S’il y avait un Prix pour récompenser le meilleur héritier du professeur Choron, de Reiser ou de Vuillemin, Abraham Kadabra et Goupil Acnéique auraient de fortes chances de monter sur la première marche du podium. Comme leurs illustres prédécesseurs, ils ont choisi de faire rire en dénonçant la connerie humaine d’une manière forte et spectaculaire, où le mauvais goût côtoie la provocation. Un peu comme dans les expressions "soigner le mal par le mal" ou "combattre le feu par le feu". C’est qu’il n’est pas question ici de brandir des panneaux "la guerre c’est moche" ou "la famine faut que ça cesse", mais plutôt de mettre en exergue les petites (et grandes) lâchetés, les "racismes" de toutes sortes ou les hypocrisies de tout acabit.
A l’aide de strips de trois cases et de deux personnages principaux réunissant toutes les tares psychologiques que l’être humain peut compter, Abraham et Goupil tapent sur tout ce qui bouge. Paf, le chien, et Hencule, le chat (aucun respect pour nos lectures d’enfants) sont les bras armés de cette plongée dans la noirceur de l’âme (de la même couleur que l’humour des deux auteurs). On ne peut même plus parler d’anti-héros à ce degré de bassesse. Et c’est justement le fait d’en faire des personnages principaux qui interpelle le lecteur. Ne craignez rien si vous les trouvez immondes, c’est bon signe. L’inverse serait particulièrement inquiétant.

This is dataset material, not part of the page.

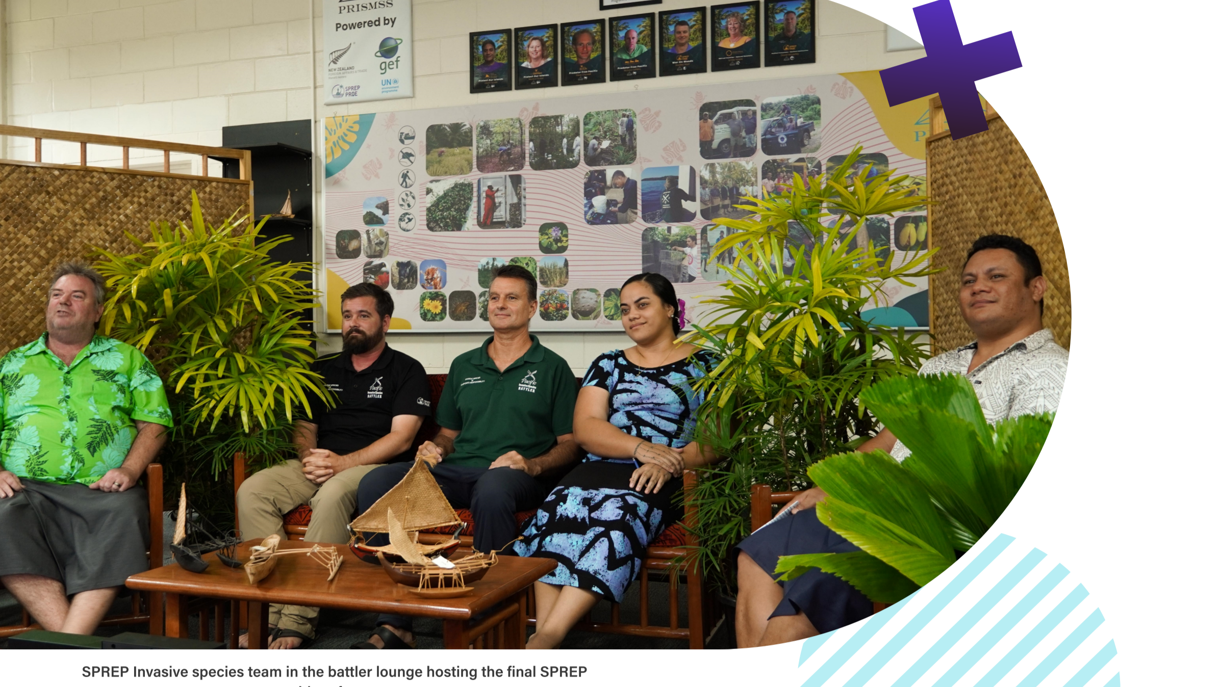
SPREP Invasive species team in the battler lounge hosting the final SPREP webinar for 2021

Other key PRISMSS core activities include the continuing development of the PRISMSS Capability Development Framework which will facilitate the mapping of national and regional capability in implementing the five PRISMSS regional programmes. The framework will identify training needs and inform donors of country readiness to implement a program.

Évidemment, lorsqu’on est sur le fil du rasoir comme les deux auteurs, les risques sont grands. D’abord de ne pas être compris et d’être rattrapés par la fameuse expression de Pierre Desproges "on peut rire de tout mais pas avec n’importe qui" (penser à ajouter Desproges dans la liste citée plus haut). Le second degré n’est pas une qualité partagée par tous. Le test est simple : si le livre ne vous tombe pas des mains après la lecture de la percutante préface dessinée par Bastien Vivès, vous êtes prêts pour aller jusqu’au bout de ce livre.
Ensuite, de ne pas être drôle. Et là, force est de constater que les deux auteurs s’en tirent parfaitement (sous réserve bien sûr, que vous ayez passé le test cité plus haut) en gardant un niveau d’humour constant au fil des pages.
Certes, c’est bien souvent un rire nerveux qui prend le lecteur. Celui qui permet de trouver une porte de sortie lorsqu’on est mal à l’aise. Car tout le monde en prend pour son grade, des plus attendus (Ku Klux Klan, CRS, corrida, intégristes) aux plus intouchables (femmes enceintes, homosexuels, SDF, enfants, handicapés, enfants handicapés). Et c’est bien ce qui fait tout l’intérêt de Paf et Hencule.